Amtrak, on the other hand, has a less ambitious view of the future for the nation’s busiest rail corridor. Its new master plan calls for spending $52 billion by 2030 to cut travel time by about 20 minutes between New York and Washington and between New York and Boston. It envisions reducing travel time between New York and Philadelphia by four minutes.
You mean Mets fans can get here four minutes faster?! In two decades?! For under $60 billion? You dogs, you. This is joyous news.
Anyway, here’s some shit.
Chase Utley is okay to hit the batting cages, finally. They’ve been sliding us video footage of him working out with one hand behind his back, fielding grounders and running the bases, so that we don’t squawk, keel over, and die from Chase withdrawal. But sooner or later, that’s just not going to be enough, and we will undoubtedly be storming the Utley Compound with pitchforks and torches, demanding the balls-deep second baseman with the cleats on his soul and the roguish smile play some baseball.
So, to avoid that unpleasant little scenario better suited for an episode of “Intervention,” it’s good to know that he’s in the batting cages, doing what he does best. Well, second best, behind saving puppies and kittens from cruelty with his white-hot wife/sidekick.
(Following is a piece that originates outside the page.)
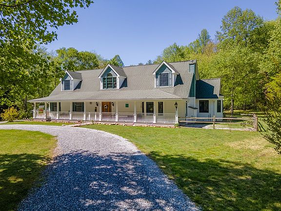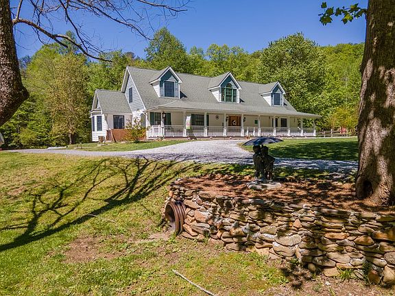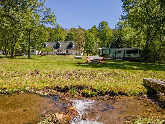 MOTIVATED SELLER! Priced to SELL! Stunning home on 3.27 acres of unrestricted land straddling both sides of the rushing Rickman Creek. All of the land is usable & beautifully landscaped. RV parking spot in place & a gazebo that is perfect for entertaining w/a 2nd building site across the creek. Home next door is for sale! Buy both for family compound or investment properties. This custom-built home offers 3000+ sqft of living space w/3 beds, 3.5 baths, & a bonus. The cozy living room has a fireplace. The custom-built kitchen has cherry cabinets, double ovens, & on-demand hot water faucet. The oversized formal dining room has gas logs & a breakfast nook corner. A walk-in pantry with an antique slider door is in the hallway. Large primary on the main with a large updated bathroom & soaking tub. Upstairs has 2 bedrooms, 1 bathroom, & a landing area. On the lower level, you'll find commercial-grade dehumidifiers, a radiant heat system, a whole-house generator, a central vacuum, a water filtration system, & a workshop area. Each room has its own thermostat for the radiant heat & central air for the cooling system. Huge front porch upon arrival & easy flat & level gravel driveway.

Shane Victorino strikes me as less of a “puppies and kittens” kind of guy, and more of a “Let’s hunt people for sport in the woods with only knives” sort of guy. The Flyin’ Hawaiian is about to play in two more rehab games with the Ironpigs, and then hopefully flips the activation switch Friday to return to the lineup.
Then again, this seemingly means Domonic Brown will be quietly escorted out the back door and absorb the rest of the summer from Lehigh Valley, obviously waiting in the wings for the next big Phillies Outfielder disaster to occur. Which is a shame, because sure, he hasn’t been picture perfect, who the hell has? He had an RBI double in his first at bat, he just socked his first of many four-baggers; its a shame, but its probably going to happen.
This puts a bit of pressure on Victorino, who, if he returns with a taste of underperformance on his breath, will be a tough drink to swill; especially if Brown returns to Lehigh Valley to finish the season with a maelstrom of offense.
We’ll see. For now let’s just hope RoyO manhandles the Dodgers.
A class of graduate students at the University of Pennsylvania has created a plan to rebuild the Northeast Corridor as a true high-speed rail line that would transport passengers from Philadelphia to New York City in 37 minutes.
Oh, Penn students! I guess you can come up with anything in the safety of your white picketed frat houses. When that thing derails into a crowded highway during rush hour, why don’t you guys race to see who can get their dad’s lawyer on speed dial the fastest.